The reason the Earth orbits the sun is due to the Universal Law of Gravity and centripetal motion. The Universal Law of Gravity was a great achievement in the history of mankind. It unified the 'heavenly bodies' and the 'Earthly bodies'. Isaac Newton showed that an apple falling to the ground and the moon orbiting Earth are both explained by the same laws of physics.
Key Equations
Centripetal Force
\begin{align*} F_C = \frac{mv^2}{r} \begin{cases} m & \text{mass (in kilograms, kg)}\\ v & \text{speed (in meters per second, m/s}\text{)}\\ r & \text{radius of circle} \end{cases}\end{align*}
Gravitational Force
\begin{align*}F_G = \frac{Gm_1 m_2}{r^2} \begin{cases} m_1, m_2 & \text{Masses of objects}\\ G & \text{Gravitational Constant}, 6.67300 \times 10^{11} \text{m}^3 \text{kg}^{1} \text{s}^{2}\\ r & \text{Distance between objects} \end{cases}\end{align*}
Key Concepts
 An orbital period, \begin{align*}T\end{align*}, is the time it takes to make one complete rotation.
 If a particle travels a distance \begin{align*}2\pi r\end{align*} in an amount of time \begin{align*}T\end{align*}, then its speed is distance over time or \begin{align*}2 \pi r /T\end{align*}.
 An object moving in a circle has an instantaneous velocity vector tangential to the circle of its path.
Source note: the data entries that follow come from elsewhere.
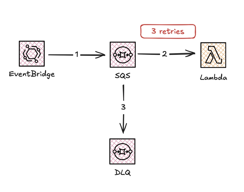 - If validation fails, the event is retried and eventually sent to a DLQ for inspection (e.g.,
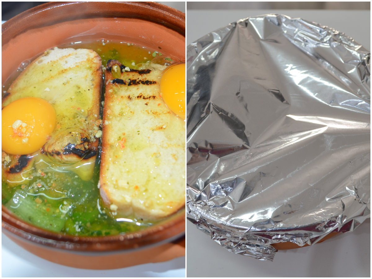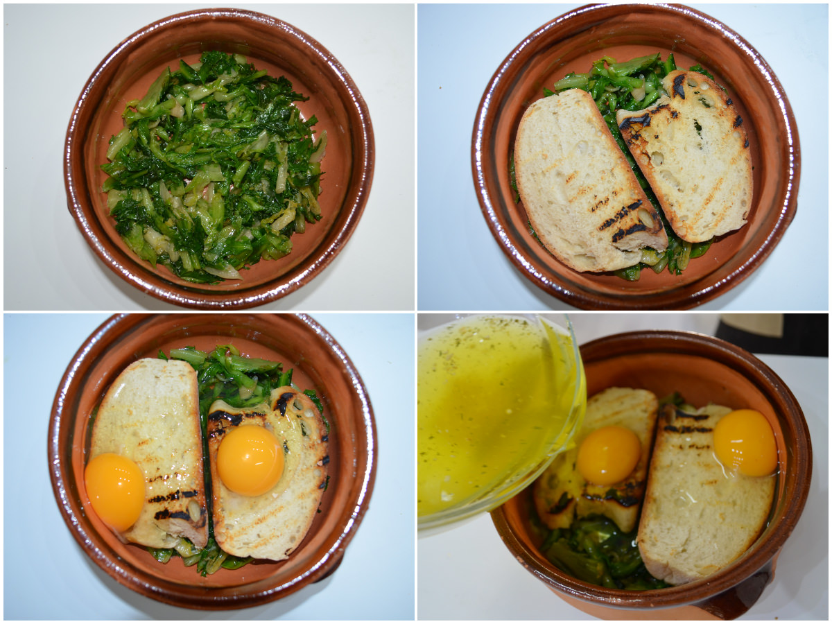 Coprite le scarole con il pane, mettete 1 uovo su ogni fetta di pane (facendo attenzione a non rompere il tuorlo), quindi aggiungete brodo caldo con dentro sciolto lo zafferano fino ad arrivare a filo con le uova.
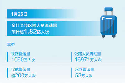 1月26日,2024年春运大幕拉开。当日全社会跨区域人员流动量预计超1.82亿人次,其中全国铁路预计发送旅客1060万人次,公路16971万人次,民航超200万人次,水路52万人次。“铁路空水”密切合作,智能技术广泛应用,旅途服务贴心温馨……各方协同,保障旅客安全顺畅出行。
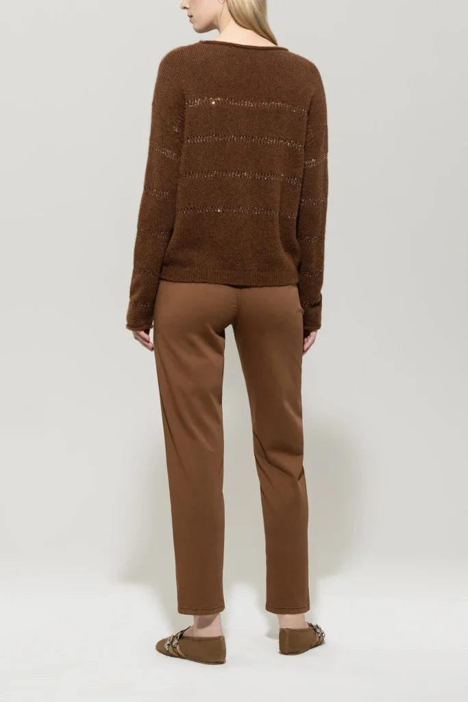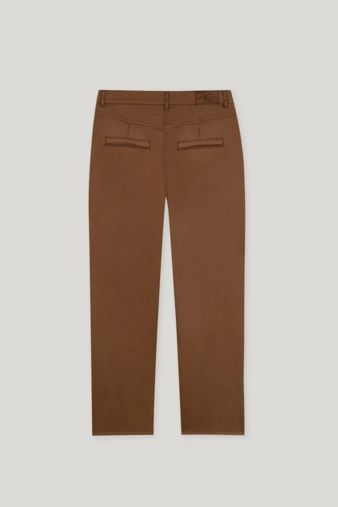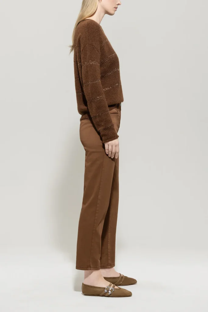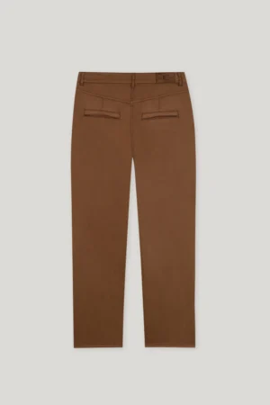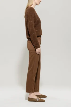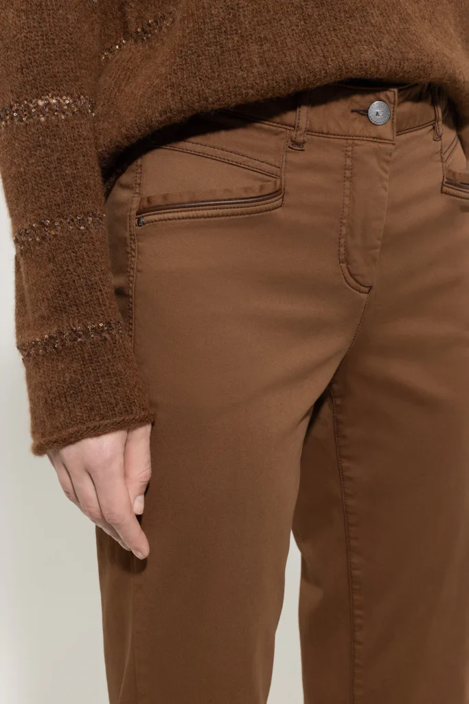 Vācu premium klases apģērbu zīmola Luisa Cerano pakāpeniski sašaurinātas džinsu bikses zeltaini brūnā krāsā. Izgatavotas no elastīga kokvilnas materiāla. Papildinātas ar dekoratīvām ādas apdares detaļām un zīmola emblēmu mugurpusē.
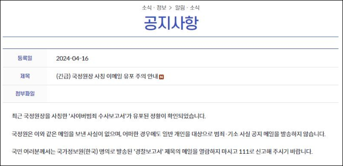 지난달 국정원을 사칭한 피싱 메일이 발견되어 국정원 공지사항을 통해 안내가 되었으나 해당 피싱 메일이 지속적으로 유포되고 있는 것으로 확인되어 주의가 필요합니다.
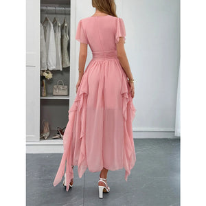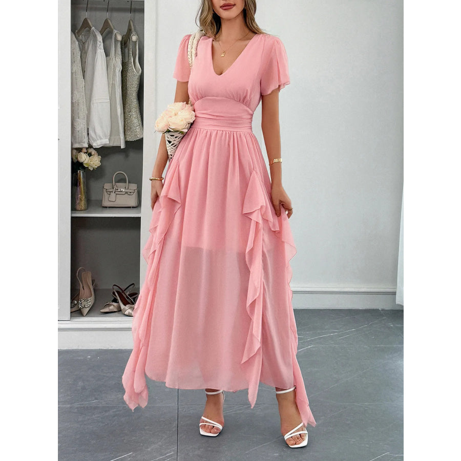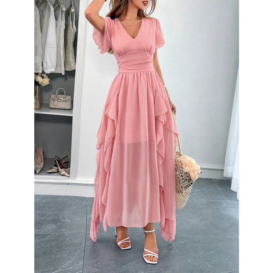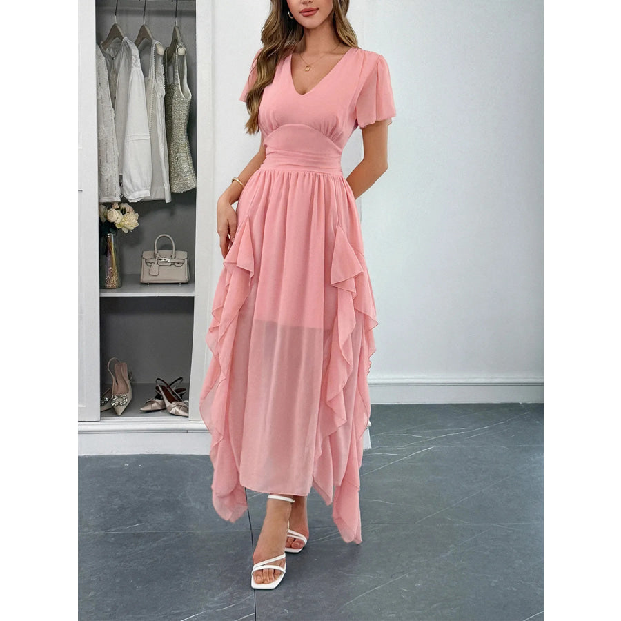 V-Neck Flutter Sleeve Dress

The force and acceleration vectors point to the center of the circle.
 Net force and acceleration always have the same direction.
 Centripetal acceleration is just the acceleration provided by centripetal forces.
 Any force can be a centripetal force. Centripetal force is the umbrella term given to any force that is acting perpendicular to the motion of an object and thus causing it to go in a circle.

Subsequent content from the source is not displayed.